Last year one of my critique partners, Richmond Camero, gave me several ebooks.
Two of them were written by the bestseller Dean Wesley Smith.  One of them was on Heinlein’s Rules. 


Heinlein’s Rules, if you’re unfamiliar with them, are:

1 – You must write.
2 – You must finish what you write.
3 – You must refrain from rewriting unless to editorial order.
4 – You must put it on the market.
5 – You must keep it on the market.

These rules were penned in the 1940s and are controversial in the writing world because they seem almost impossible to follow despite their simplicity. 


Dean Wesley Smith breaks these down in his book Heinlein’s Rules. Smith swears by these rules and attributes them as a game changer for his career.  

Rule Number 1 makes sense.  Who can argue with “You must write“? 


Rule Number 2 is one that according to Smith trips up most aspiring writers: You must finish what you write.  It makes sense.  I have a ridiculous number of projects that I’ve lost steam on and not finished.  Because of that I’ve picked up an old project and I’m working on it now while I wait to gain some perspective on my last project, Dark Fate. Because I plan on rewriting it.
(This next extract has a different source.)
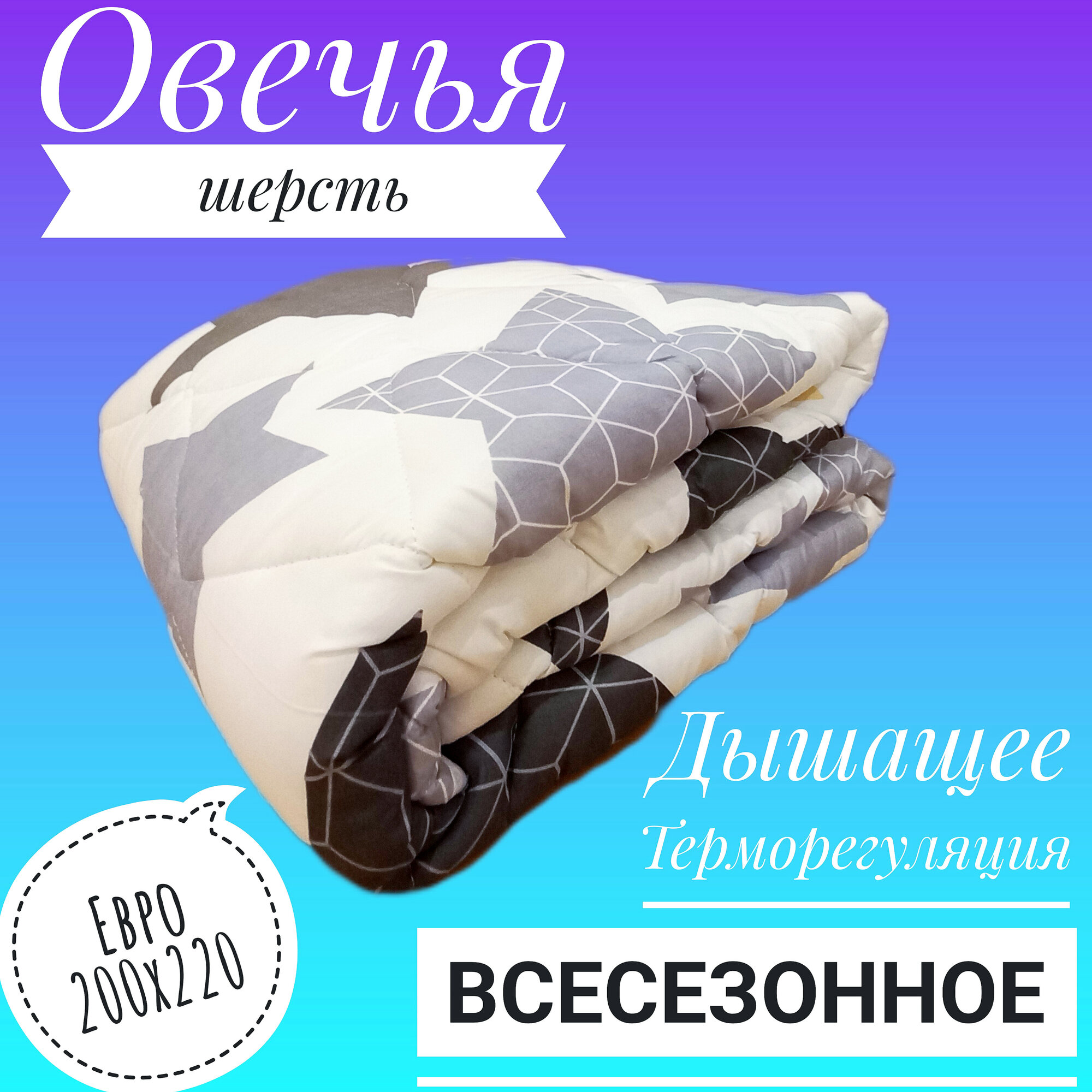 Отзывы на Одеяло Всесезонное Овечья Шерсть, Евро 200х220, чехол микрофибра

Rule Number 3 is where I think many of us have a problem: You must refrain from rewriting unless to editorial order. It’s easy to get caught in an endless loop of rewriting and rewriting. After all — first drafts usually aren’t the best.  This is when you’re telling yourself the story and have to work the kinks out. I have to admit that Threads of Fate went through five drafts before becoming what it is now.

By rewriting Heinlein does not mean avoiding fixing typos, according to Dean Wesley Smith. The intent was to avoid endless loops of revision. He says, “Everybody in this modern world looks for ways and reasons around this rule”.   Guilty. He later comments, “If you’re rewriting, you are not finishing”. Can’t argue with that. I can only try to do better and one area in particular where I am committing to keep rewriting to a minimum is short stories.

Dean Wesley Smith also reminds us that an agent is not an editor, and a paid editor is not what Heinlein meant either — he meant an editor that will pay you from a publication/publisher. 

It’s easy to take criticism from a professional like an agent, or an amateur like a beta-reader, and immediately want to change your story.  The problem is that you can’t please everyone and that your book will never be perfect.  You have to decide when it’s good enough.


If you’re like me and plan on breaking rule number 3 (at least for my novels), here’s a good article on how to do so with grace and hopefully less rewrites than Threads of Fate: How to Know When You’re Done Revising.


Rule Number 4 should be the ultimate goal of a writer: You must put it on the market. I have to admit with the screenplays I’ve written and the other novel and short stories I wrote that this has been a breaking point for me as well. I have only queried one agent for one piece of fiction that I’ve written. I have had such a fear of rejection that I haven’t queried.  Now querying still frightens me, but I’ve learned that the worst that can happen is that they’ll say no and if you don’t ask the answer is already no.


Rule Number 5 is another breaking point for me: You must keep it on the market. With that in mind one of my goals for this year is to start writing short stories, but not so many that they interfere with my other writing. I would like to start putting the short stories on the market. If that’s a goal for you as well, here’s Where to Submit Short Stories: 23 Website and Magazines that Want Your Work. Since joining the Science Fiction and Fantasy Writers of America is also a goal of mine, I’m going to focus on this list.


So all in all, Heinlein’s Rules seem simple yet difficult to follow.

Which of these rules is a challenge for you?